┌──
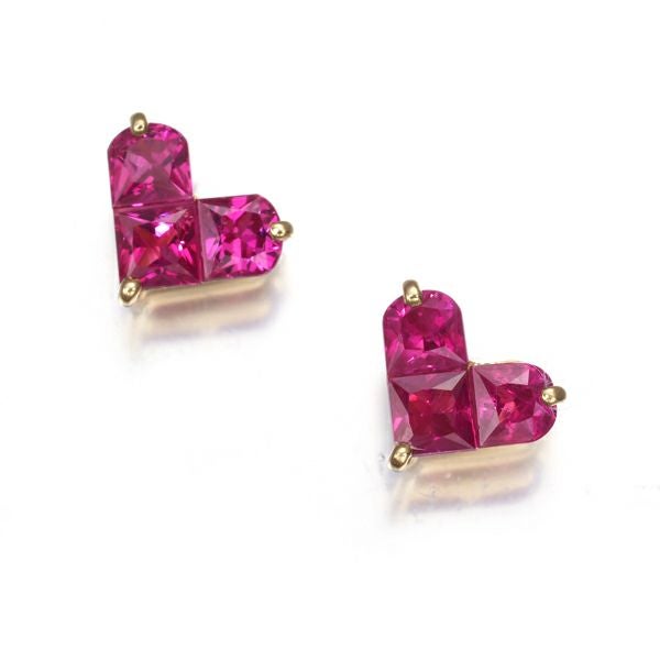色美しい輝きを放つルビーの彩りを、愛らしいハートモチーフに飾った スタージュエリーのミステリアスハートピアスです。
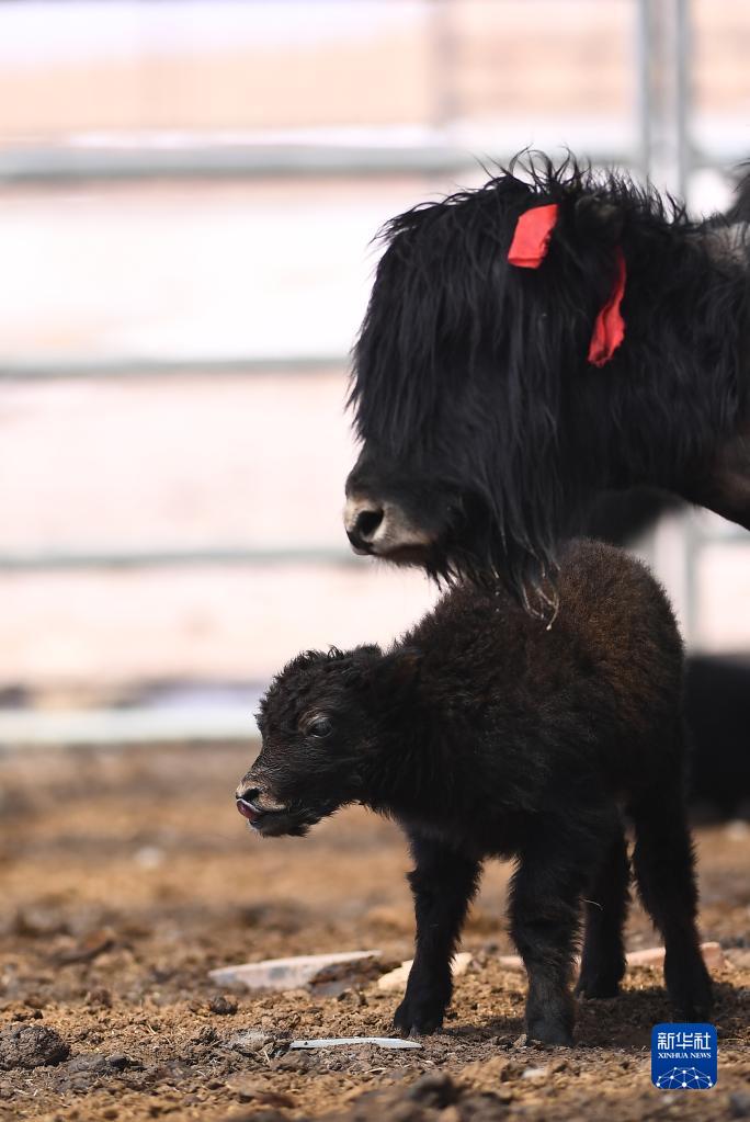 這是4月14日拍攝的剛察縣環湖型牦牛良種繁育基地內的環湖型長毛牦牛。
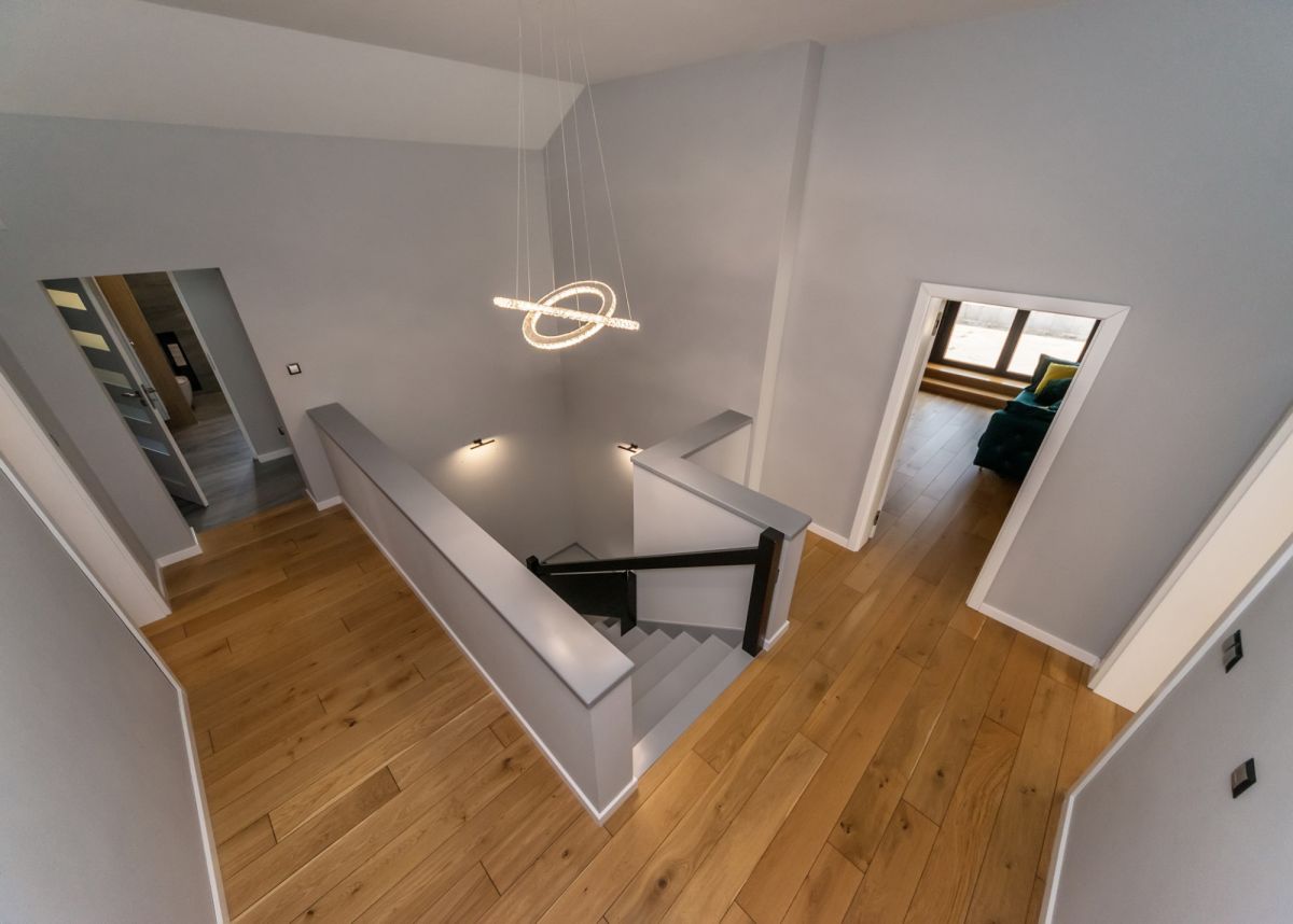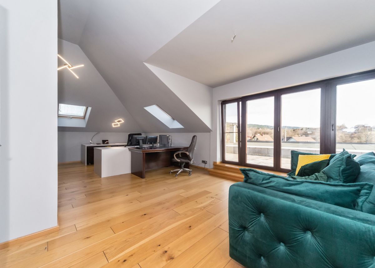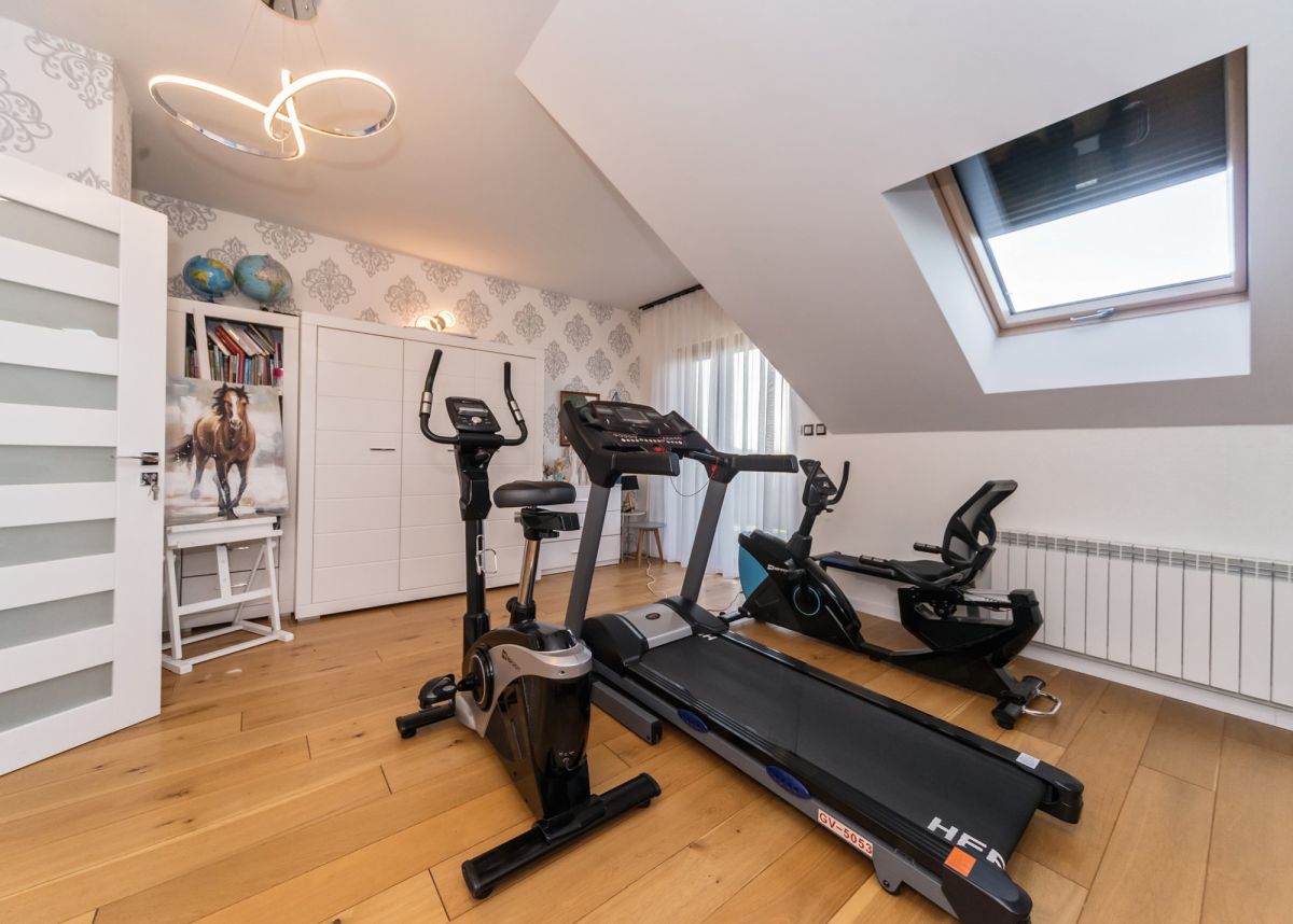 Na piętrze (powierzchnia 142 mkw) znajdują się 2 sypialnie z balkonami, przestronny gabinet z wyjściem na taras, pokój-siłownia, 2 pełne łazienki oraz garderoba.
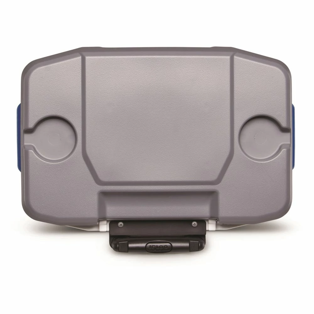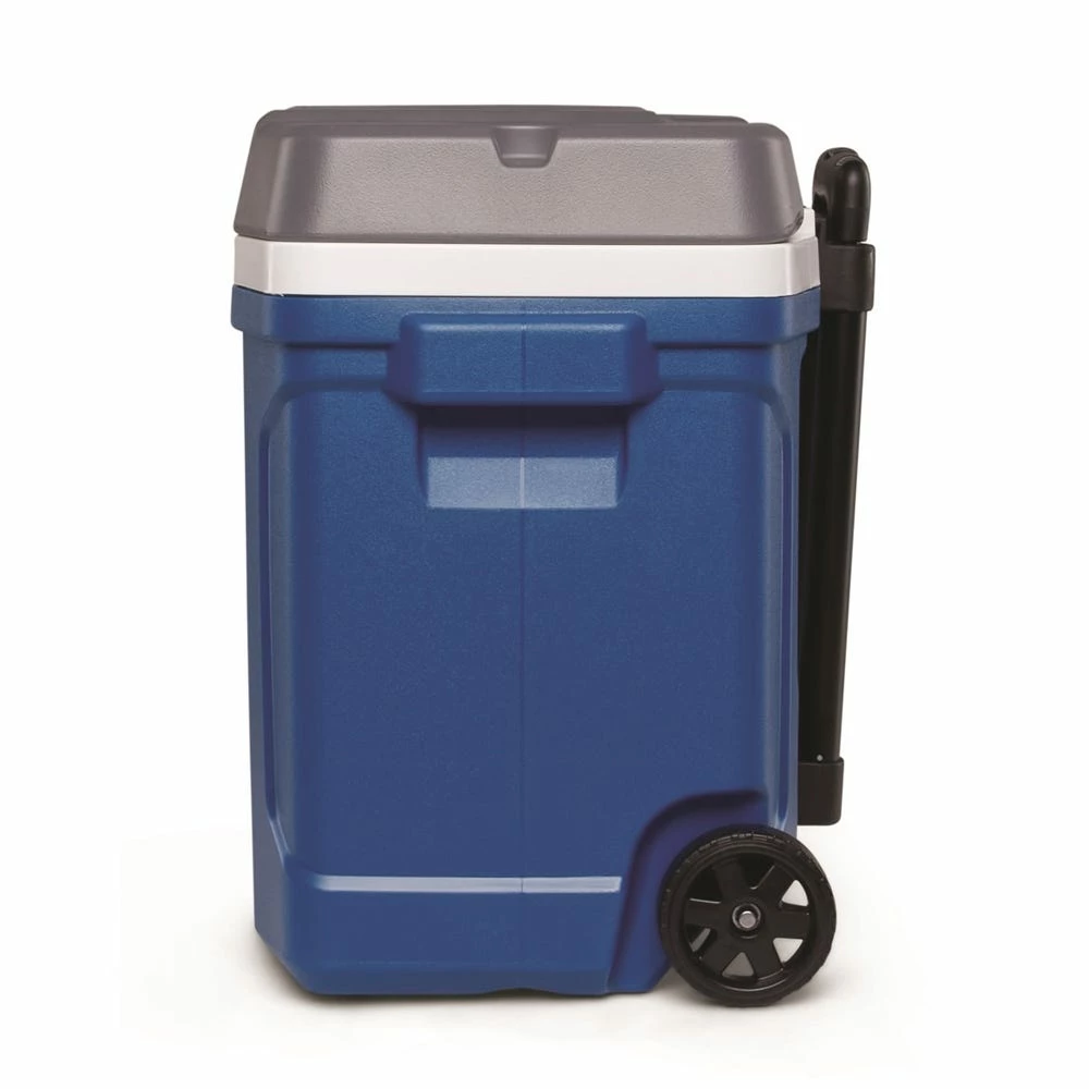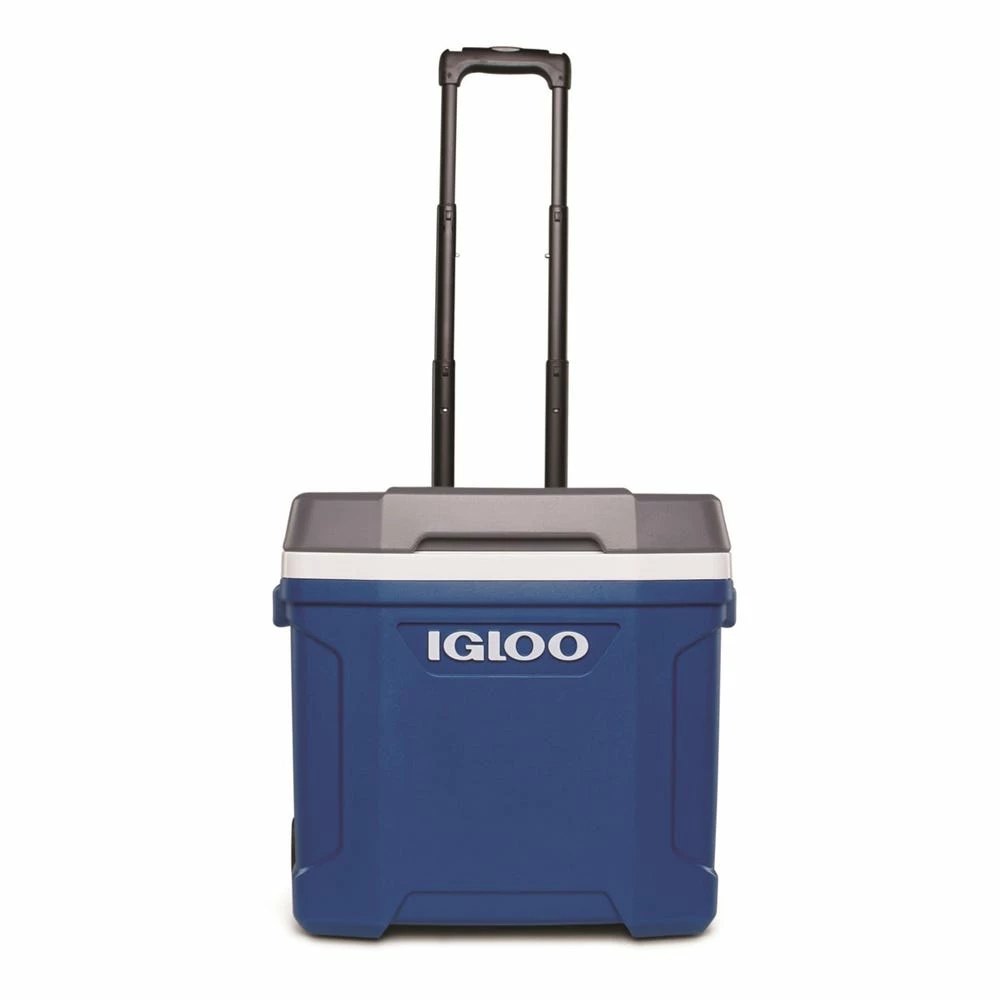 - Wheeled for easy transport and locking telescoping handle enables cooler to be pushed or pulled
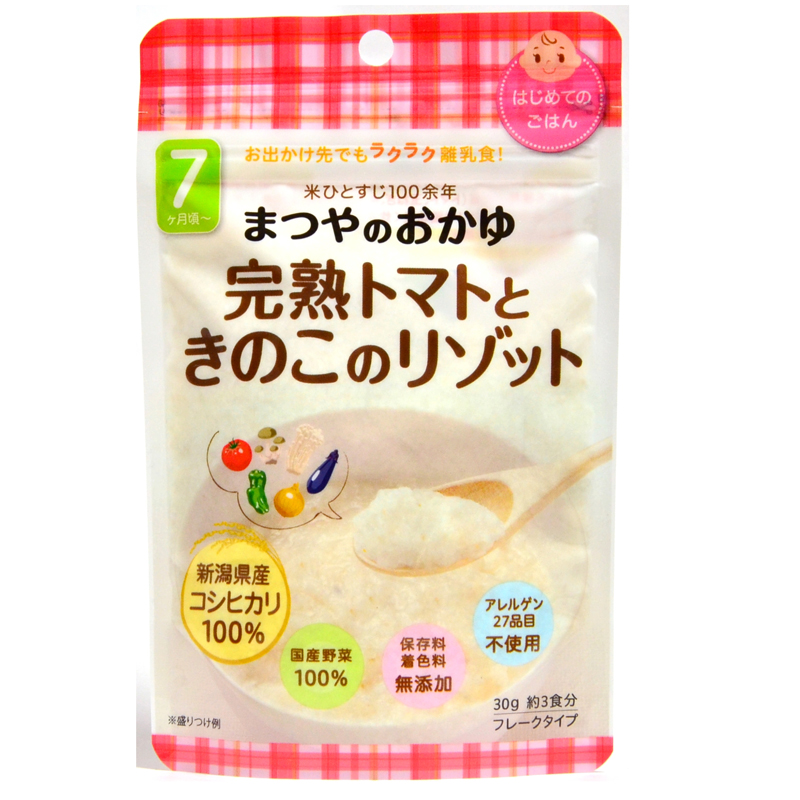 Cháo ăn dặm gạo Koshihikari, cà chua, nấm Matsuya (7m+) là sản phẩm cao cấp của Nhật, không sử dụng chất bảo quản, dành cho các bé từ 7 tháng trở lên. Cháo được nấu từ các nguyên liệu sạch, cung cấp đầy đủ chất đạm, chất béo, chất bột đường và bổ sung năng lượng cần thiết cho nhu cầu phát triển của trẻ khi bước vào thời kì ăn dặm.
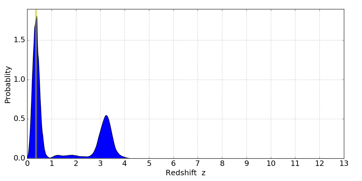 In P(z) plots: Yellow lines mark the cluster redshift z = 0.356,
└──
→ ABOUT THIS EXERCISE:
Ignoring the pictures, write out word for word the lines from the line containing "Cháo ăn dặm" through the end of the material above.

→ THE COMPLETED TASK:
 Cháo ăn dặm gạo Koshihikari, cà chua, nấm Matsuya (7m+) là sản phẩm cao cấp của Nhật, không sử dụng chất bảo quản, dành cho các bé từ 7 tháng trở lên. Cháo được nấu từ các nguyên liệu sạch, cung cấp đầy đủ chất đạm, chất béo, chất bột đường và bổ sung năng lượng cần thiết cho nhu cầu phát triển của trẻ khi bước vào thời kì ăn dặm.
 In P(z) plots: Yellow lines mark the cluster redshift z = 0.356,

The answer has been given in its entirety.